Зинаида ПУРИС (original) (raw)

Зинаида ПУРИС

Спящая красавица

– Люди добрые! – взывала Ираида Петровна. – Одиннадцатый класс заканчиваем и в слове "будущее" пишем букву "ю"! Как тебе не стыдно, Меркулова?

Она требовательно смотрела на Верку, ожидая немедленного раскаяния, но Верка ожиданий не оправдывала и краской стыда не покрывалась. Пряча глаза под длинной чёлкой, она стояла, подставив себя под град обвинений, и блаженно улыбалась, словно визгливый голос учительницы литературы был тёплым весенним ветром. Всем своим видом она показывала, что распекать её не имеет никакого смысла.

Верка была закоренелой троечницей. Другие оценки её не интересовали. Даже когда однажды в каких-то тёмных воспитательных целях ей поставили пятерку по истории, на неё это не произвело должного впечатления. Учителя махнули рукой и перестали расходовать на неё драгоценный педагогический талант.

– С такими знаниями ты не только никуда не поступишь, тебя из школы не выпустят, – пророчила раскрасневшаяся Ираида. – Получишь вместо аттестата справку.

Верка хмыкнула. Справка – это откровенное враньё. Даже если бы она выпрашивала эту справку стоя на коленях, никто бы её не дал. Так что через месяц она, как и все, получит аттестат. Ираида тоже прекрасно знает цену своим липовым угрозам. Её немолодое рыхлое лицо раскраснелось не от гнева – это распалившееся майское солнце жарило сквозь окна, с которых хлопотливые родители сняли жалюзи. Первого сентября жалюзи опять будут висеть на своих местах, сияя приобретённой в химчистке чистотой, но Верки здесь не будет и в помине. Она будет наслаждаться свободой и жить взрослой жизнью. Об этой новой жизни у неё было смутное представление. В будущем Верка видела себя шикарной и значительной, в толпе поклонников, выражающих немой восторг. Что именно должно послужить причиной таких перемен, она не задумывалась.
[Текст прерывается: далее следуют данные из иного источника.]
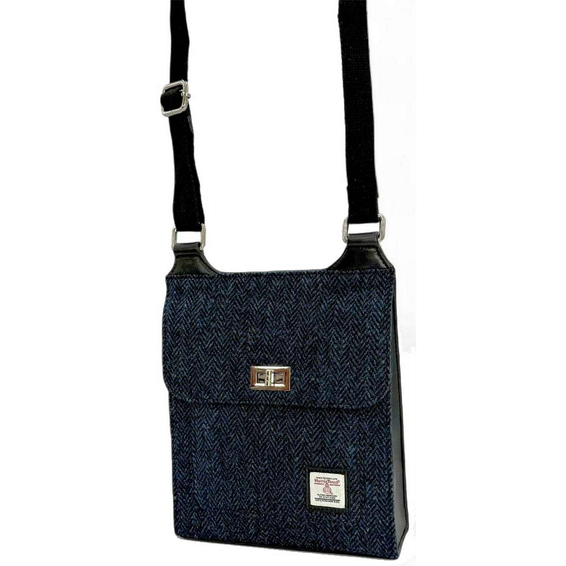 This women's harris tweed satchel bag by the brand Maccessori is made from harris tweed and vegan leather and is showcased in blue. It measures 25cm(height) x 22cm(width) x 6cm(depth). It is recommended to wipe clean with cloth to keep this bag in good condition. All the bags come complete in maccessori packaging. The Maccessori Harris Tweed Satchel Bag - Navy has everything you need in a smaller, more stylish form. Perfect for those who like to carry light but still have enough room for their essentials. Fitted with an adjustable cross body strap, it can be carried effortlessly and offers multiple compartments throughout. The timeless Harris Tweed design with vegan leather back and trim will certainly turn heads making it a must have for your collection.

– Ты что же, собралась дворником работать? – не успокаивалась Ираида.

– Вам-то какое дело? – огрызнулась Верка. – Мне без разницы, могу и дворником. – Она плюхнулась на своё место, давая понять, что разговор окончен.

– Вот, – обрадовалась Ираида. – Вот какое "будующее" ты себе уготовила. Потому что тебе безразлична не только литература, тебе безразлична школа вообще. А когда человек безразличен к учебе, он равнодушен к собственной судьбе. Тебе всё-всё равно. Потому что у тебя нет мечты!
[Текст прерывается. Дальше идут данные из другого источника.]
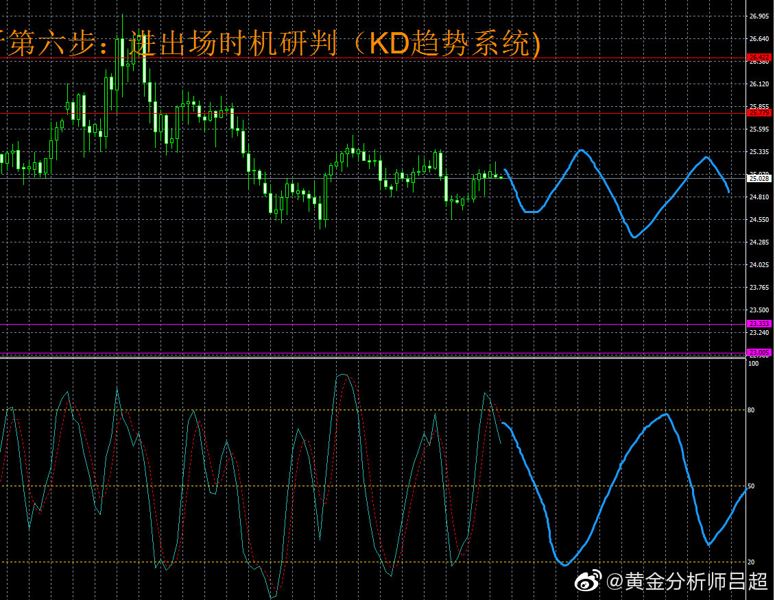 3.时机分析。4小时kd曲线昨日从20刻度附近快速拉升上触及80刻度,目前在该位置掉头向下。预计kd曲线将在20-80刻度之间大幅度上下穿行,提示白银的震荡运行格局。

А вот здесь Ираида ошибалась. Мечта у Верки была. Эта мечта висела на плечиках в магазине "Орхидея" и стоила четырнадцать тысяч рублей. Платье было ослепительно жёлтым, с огромным бантом на талии и должно было идеально сочетаться с Веркиными крашеными в чёрный цвет волосами и с материными туфлями на шпильках. За это платье Верка готова была отдать и литературу, и школу вместе с учителями, и даже своё неясное "будуюшее", но, к сожалению, в магазине таких жертв не принимали – брали только деньгами, поэтому Веркина мечта грозила стать несбыточной.
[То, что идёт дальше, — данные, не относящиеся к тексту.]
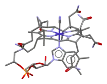 Vitamin B12, also known as cobalamin, is a water-soluble vitamin involved in metabolism.[2] It is one of eight B vitamins. It is required by animals, which use it as a cofactor in DNA synthesis, and in both fatty acid and amino acid metabolism.[3] It is important in the normal functioning of the nervous system via its role in the synthesis of myelin, and in the circulatory system in the maturation of red blood cells in the bone marrow.[2][4] Plants do not need cobalamin and carry out the reactions with enzymes that are not dependent on it.[5]

Платье могли бы купить родители, если бы захотели. Но они не захотят. У них на все один ответ: "нет денег". Хотя мать всё время что-то покупает. Она продает букеты в цветочном салоне и зарплату тратит на кофточки и босоножки. Выискивает места, где распродажи, скидки и "все по триста", для неё платье за четырнадцать тысяч – это беспредел, поэтому рассчитывать Верке приходилось только на чудо.

Чудо произошло. Несмотря на то, что начало было малообещающим – мать повела себя как предатель:

– Отец, слыхал, что она хочет? Не много не мало – четырнадцать тысяч! У меня куртка зимняя за полторы, а ей платье – раз выйти – за четырнадцать!

Верка решила биться до последнего:

– А при чём тут твоя куртка? Мне что, в твоей куртке на выпускной идти?

– Тебе поступать надо, – вспомнила мать. – Думаешь, бесплатно куда возьмут?

От разговоров про "поступать" Верку начинало мутить. Время от времени то мать, то отец, напуская на себя умный вид, убеждали её, что "поступать" надо обязательно. И сейчас мать специально зацепилась за это "поступать", чтобы уйти от разговора про платье.

– Не буду я никуда поступать!

– Скажи ей, отец!

Отец высунул из ванной наполовину выбритое лицо:

– Что я ей скажу? Я могу её только отпороть. И тебя тоже.

– А меня за что?!

– За что?! А в кого она такая?! Кто у нас натаскал тряпья в дом – повернуться негде? Ты за всю жизнь ни одной книжки не прочитала, а шмотья накупила – шифоньер скоро лопнет. Вот и дочь такая же, пример-то перед глазами! – Отец выдохся, но всё ещё продолжал махать руками, поочередно указывая бритвенным станком то на мать, то на Верку, то на шкаф.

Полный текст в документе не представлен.